Find the line containing "6 Pearl St, Boston, Ma, 02109Cars" in the entries below. Restate it and each line after it, word for word, up to and including the line containing "ゴルフハーフパンツ。ロックミシン糸が表に出たデザイン。".

*** Begin section ***

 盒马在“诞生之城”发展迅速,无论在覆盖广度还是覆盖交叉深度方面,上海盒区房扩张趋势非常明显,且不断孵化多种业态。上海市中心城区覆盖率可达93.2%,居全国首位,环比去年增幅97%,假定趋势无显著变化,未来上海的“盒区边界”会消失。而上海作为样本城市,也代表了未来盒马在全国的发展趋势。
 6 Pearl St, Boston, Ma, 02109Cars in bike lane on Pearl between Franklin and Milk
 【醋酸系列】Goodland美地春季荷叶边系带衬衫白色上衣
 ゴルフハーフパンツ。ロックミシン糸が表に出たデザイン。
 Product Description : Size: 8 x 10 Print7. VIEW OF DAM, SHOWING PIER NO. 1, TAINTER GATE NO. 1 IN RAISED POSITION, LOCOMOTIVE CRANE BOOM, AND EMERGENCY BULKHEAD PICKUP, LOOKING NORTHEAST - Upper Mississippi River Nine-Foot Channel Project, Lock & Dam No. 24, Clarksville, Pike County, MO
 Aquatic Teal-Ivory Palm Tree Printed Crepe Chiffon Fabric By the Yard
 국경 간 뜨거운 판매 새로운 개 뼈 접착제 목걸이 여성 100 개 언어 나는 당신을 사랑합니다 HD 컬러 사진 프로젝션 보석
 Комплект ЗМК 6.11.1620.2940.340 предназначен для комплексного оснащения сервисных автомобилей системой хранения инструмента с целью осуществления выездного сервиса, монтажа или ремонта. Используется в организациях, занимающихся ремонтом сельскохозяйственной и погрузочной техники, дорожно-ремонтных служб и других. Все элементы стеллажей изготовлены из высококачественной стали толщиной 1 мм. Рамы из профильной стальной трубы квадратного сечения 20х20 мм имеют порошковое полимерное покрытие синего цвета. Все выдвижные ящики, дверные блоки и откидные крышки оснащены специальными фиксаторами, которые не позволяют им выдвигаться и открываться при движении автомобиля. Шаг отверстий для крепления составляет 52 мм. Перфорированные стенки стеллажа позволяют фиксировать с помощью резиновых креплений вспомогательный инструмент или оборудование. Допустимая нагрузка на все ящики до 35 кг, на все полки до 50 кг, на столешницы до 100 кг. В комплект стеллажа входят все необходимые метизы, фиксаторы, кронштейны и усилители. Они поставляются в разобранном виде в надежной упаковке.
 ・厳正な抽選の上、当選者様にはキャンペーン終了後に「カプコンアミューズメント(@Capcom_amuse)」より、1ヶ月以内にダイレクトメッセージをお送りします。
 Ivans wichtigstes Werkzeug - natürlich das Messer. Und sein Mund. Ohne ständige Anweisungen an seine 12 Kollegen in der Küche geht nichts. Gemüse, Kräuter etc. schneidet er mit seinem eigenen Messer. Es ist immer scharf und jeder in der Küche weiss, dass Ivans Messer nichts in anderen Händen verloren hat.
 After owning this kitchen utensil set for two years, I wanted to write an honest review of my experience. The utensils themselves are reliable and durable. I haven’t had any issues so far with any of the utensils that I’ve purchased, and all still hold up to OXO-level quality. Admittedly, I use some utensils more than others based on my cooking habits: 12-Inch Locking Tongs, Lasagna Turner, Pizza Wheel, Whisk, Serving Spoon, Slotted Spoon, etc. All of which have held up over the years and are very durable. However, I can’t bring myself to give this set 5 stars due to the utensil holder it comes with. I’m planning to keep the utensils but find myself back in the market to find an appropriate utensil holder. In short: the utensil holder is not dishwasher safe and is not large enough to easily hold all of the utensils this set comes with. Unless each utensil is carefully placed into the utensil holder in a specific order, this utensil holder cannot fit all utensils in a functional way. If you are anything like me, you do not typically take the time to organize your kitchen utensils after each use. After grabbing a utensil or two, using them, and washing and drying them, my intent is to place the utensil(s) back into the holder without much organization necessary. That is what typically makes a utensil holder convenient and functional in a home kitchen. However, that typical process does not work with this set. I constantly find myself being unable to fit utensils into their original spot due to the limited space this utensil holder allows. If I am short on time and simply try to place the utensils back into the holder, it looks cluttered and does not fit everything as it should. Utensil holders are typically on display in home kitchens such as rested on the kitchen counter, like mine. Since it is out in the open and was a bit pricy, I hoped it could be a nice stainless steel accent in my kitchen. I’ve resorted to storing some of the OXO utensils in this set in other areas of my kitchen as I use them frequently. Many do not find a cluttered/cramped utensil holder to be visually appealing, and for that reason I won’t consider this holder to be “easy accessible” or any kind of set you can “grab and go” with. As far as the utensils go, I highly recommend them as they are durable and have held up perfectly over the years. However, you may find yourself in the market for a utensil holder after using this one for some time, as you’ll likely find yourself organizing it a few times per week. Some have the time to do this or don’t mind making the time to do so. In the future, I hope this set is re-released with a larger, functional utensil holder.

*** End section ***

- [Response for this exercise]
 6 Pearl St, Boston, Ma, 02109Cars in bike lane on Pearl between Franklin and Milk
 【醋酸系列】Goodland美地春季荷叶边系带衬衫白色上衣
 ゴルフハーフパンツ。ロックミシン糸が表に出たデザイン。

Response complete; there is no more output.